After reading this beautiful article this morning I thought more about this space, the last few days or weeks of pregnancy. It’s the ultimate surrender to your body and your instincts. I’m 35 weeks pregnant now and for the last couple of days I have felt off, wanting to retreat, to sleep and sleep and eat and sleep. And cry. And grieve. Overly sensitive, to smell, to touch, to taste. Overly emotional when I don’t get what I wished for. Hips aching, heartburn, stretching skin, trying to get comfortable with being uncomfortable. My belly hardening rhythmically, waking me up at night, my body training, preparing.
And even though I have been in this space twice before this is also new territory again. The first time I was preparing to enter motherhood, with loads of quite naive ideas about what it would mean to be a mom. I was eager to meet my baby and I didn’t surrender. When my waters broke the promise of an induction ending my wait was too tempting and I wasn’t informed and prepared enough. The second time I used this space to research and research and research until my head wouldn’t take any more information. Then I listened to meditations and affirmations and hypnosis between naps over and over, thinking more than once that it was time before it really was. Stuffing my anxiety and loneliness down with chocolate and chocolate ice cream and more chocolate. By now I know I crave my mom’s love and attention when I reach for chocolate. And I had to think of that when I read this wonderful paragraph earlier, written by a midwife: “I tell these beautiful, round, swollen, weepy women to go with it and be okay there. Feel it, think it, don’t push it away. Write it down, sing really loudly when no one else is home, go commune with nature, or crawl into your own mama’s lap so she can rub your head until you feel better.” That was exactly what I was craving last time. Crawling into my own mama’s lap, letting her tell me that everything is and will be okay. When I chose my word for 2017 ~ SURRENDER ~ I didn’t know that the final month of this year would bring me the ultimate chance to do exactly that. We had not planned to have another child. Conceiving her back in April was an act of surrender in itself - surrendering to the deep desire within to have a daughter, raise her, teach her what I have learned about being a woman in this time and age. With the awareness I have gained since the last time I was here, in-between worlds, waiting for my baby to arrive, it’s a fascinating experience.

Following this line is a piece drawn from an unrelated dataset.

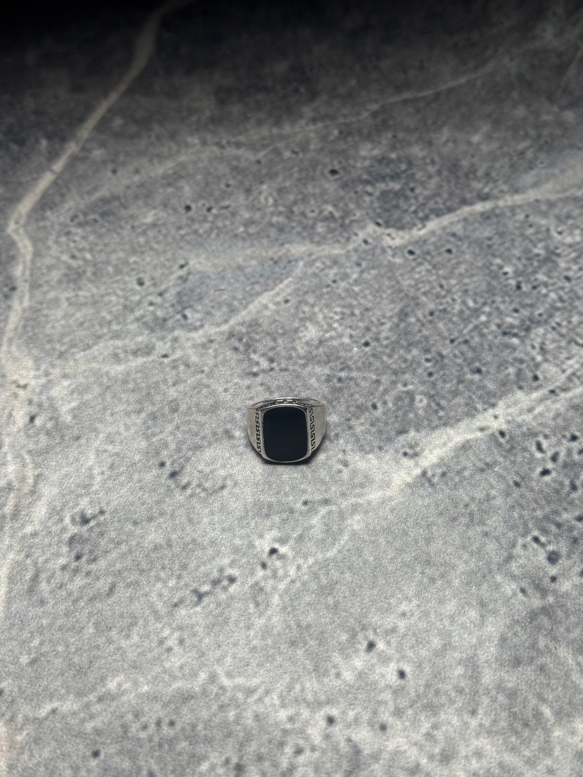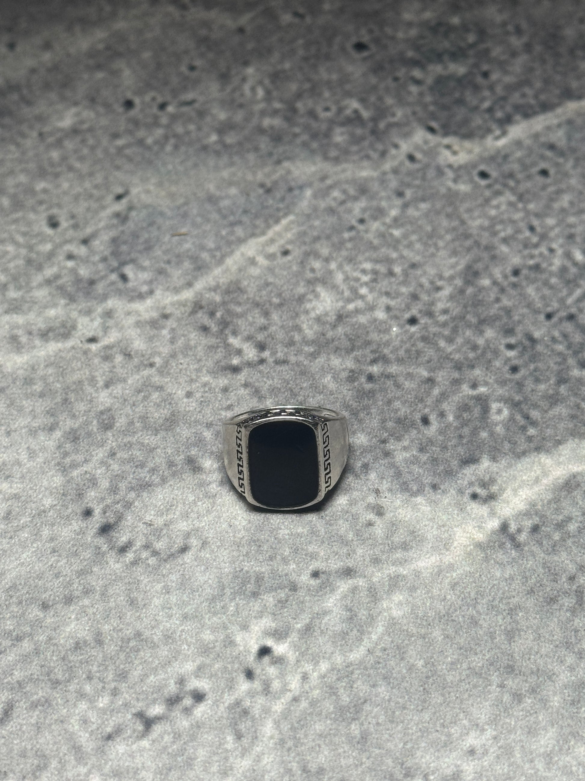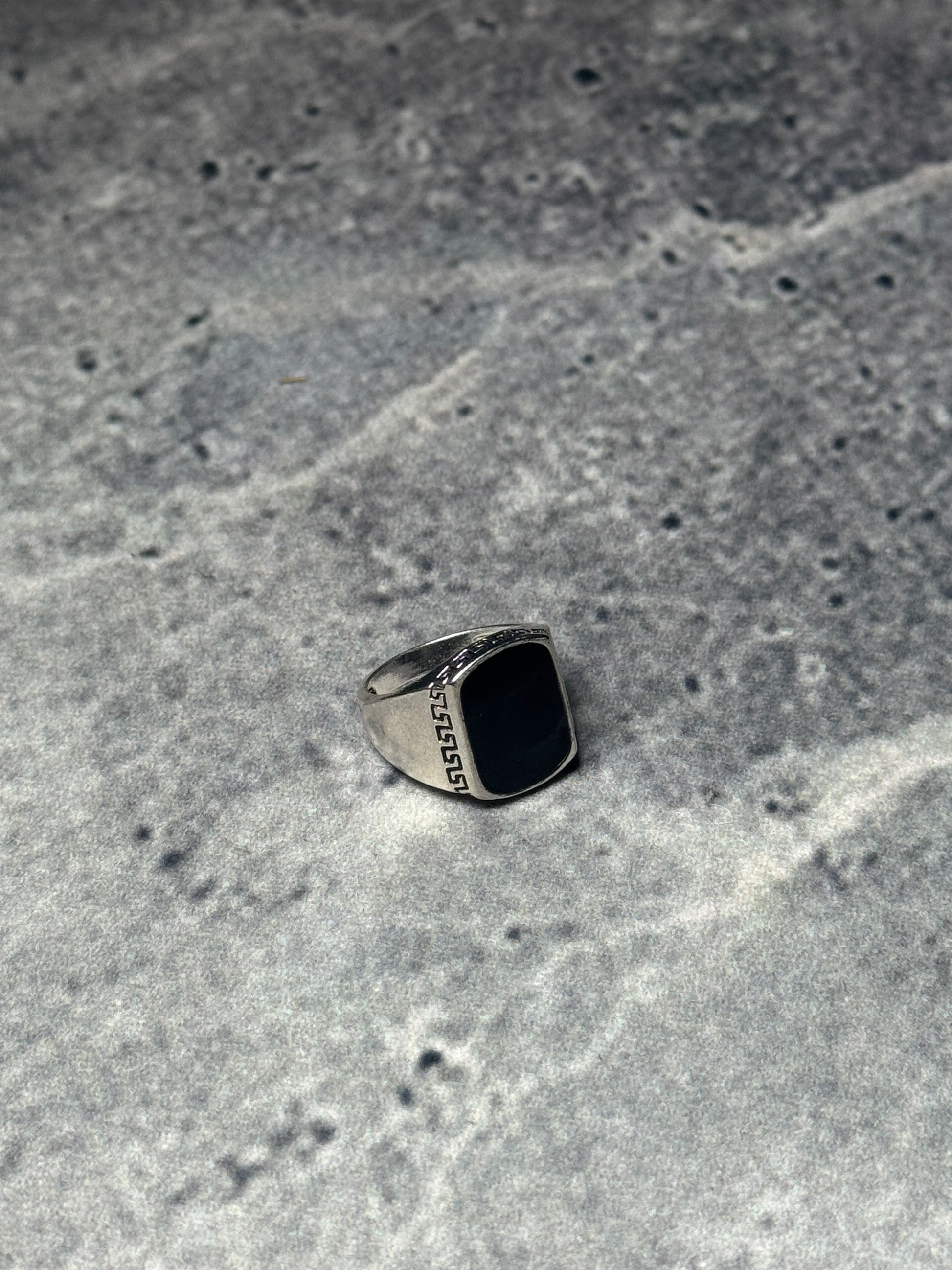 Elevate your hand game with a piece that blends classical history and modern edge. This silver-tone signet ring features a bold, rectangular midnight black inlay. The shoulders of the ring are intricately engraved with a traditional Greek Meander (Key) pattern, symbolizing eternity and unity. Its substantial profile makes it a perfect anchor for any ring stack or a powerful standalone statement.

This stage, “the first sign of labour” or “Stage 0” (I totally just made this term up and I’m loving it!) doesn’t get much attention, especially when it comes to the mental, emotional and spiritual aspect of it. All that is ever talked about is how this stage, the last month of pregnancy, feels like FOREVER. There are many tips about how to deal with the physical discomfort that comes for most women at this stage. This morning, this article, this wonderful woman, was the first time that I saw someone who didn’t try to gloss over the other, less tangible aspects of it. Push the mental and emotional discomfort to the side, because “baby will be here soon.” Who addressed the issues and behaviours that come up and suggested surrender instead of denial. Just this weekend I was called “The Queen of Surrender” by a dear friend, after teaching and exploring the subject from all angles this year. And even now, as someone experienced in this way of life I feel myself stretched, emotionally, mentally and spiritually, in stage 0 of labour.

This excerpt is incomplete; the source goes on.